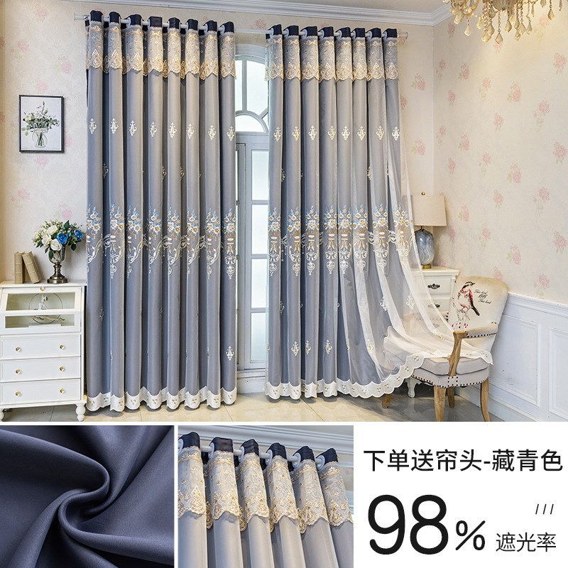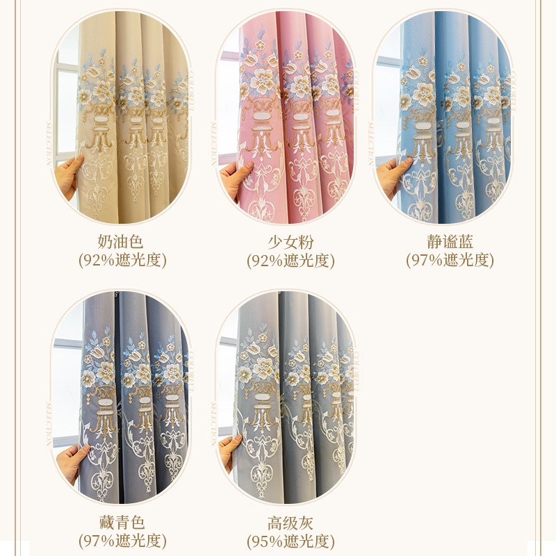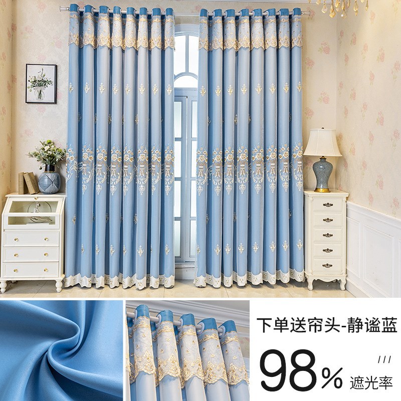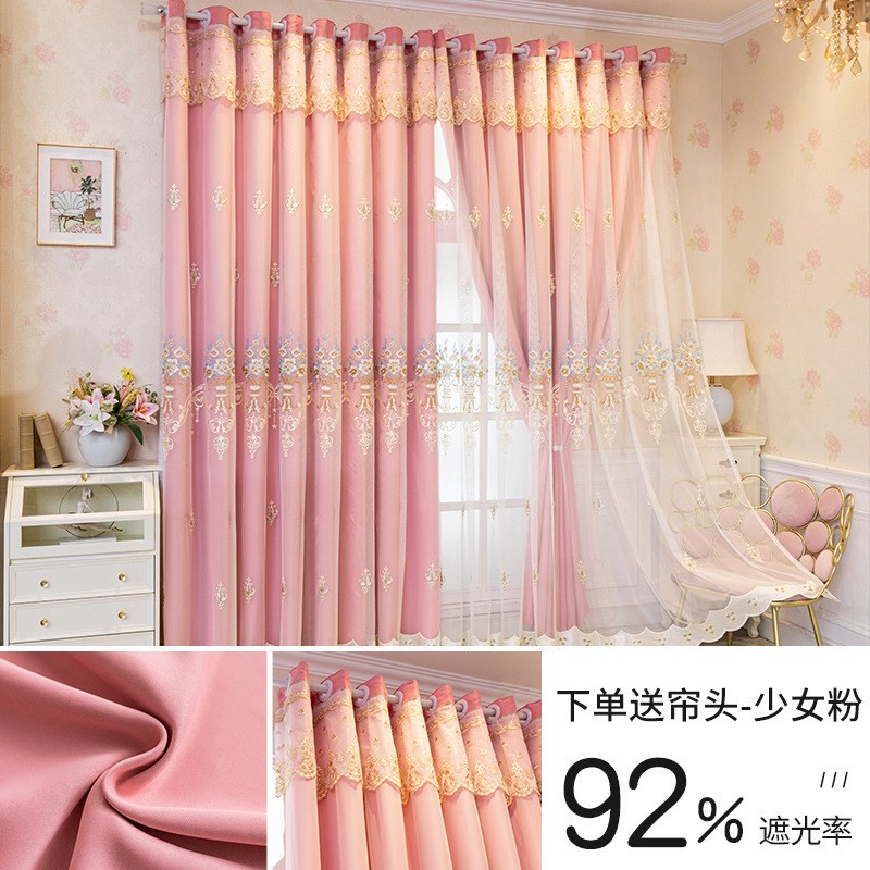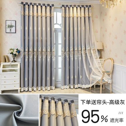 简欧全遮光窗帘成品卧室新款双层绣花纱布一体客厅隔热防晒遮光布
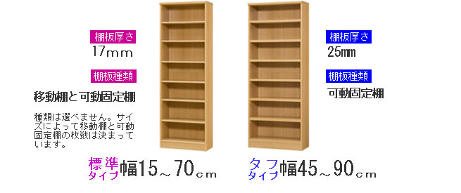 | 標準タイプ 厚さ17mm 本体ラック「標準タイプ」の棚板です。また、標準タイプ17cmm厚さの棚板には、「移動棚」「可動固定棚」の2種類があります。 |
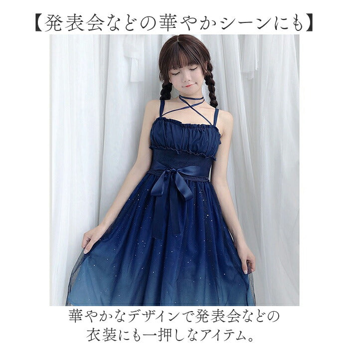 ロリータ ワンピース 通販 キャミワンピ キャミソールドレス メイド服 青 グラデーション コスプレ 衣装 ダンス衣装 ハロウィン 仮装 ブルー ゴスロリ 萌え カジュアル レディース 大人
════════════════
Your assignment
Reproduce, word for word, everything in the listing above except the pictures.

Solution below
 简欧全遮光窗帘成品卧室新款双层绣花纱布一体客厅隔热防晒遮光布
 | 標準タイプ 厚さ17mm 本体ラック「標準タイプ」の棚板です。また、標準タイプ17cmm厚さの棚板には、「移動棚」「可動固定棚」の2種類があります。 |
 ロリータ ワンピース 通販 キャミワンピ キャミソールドレス メイド服 青 グラデーション コスプレ 衣装 ダンス衣装 ハロウィン 仮装 ブルー ゴスロリ 萌え カジュアル レディース 大人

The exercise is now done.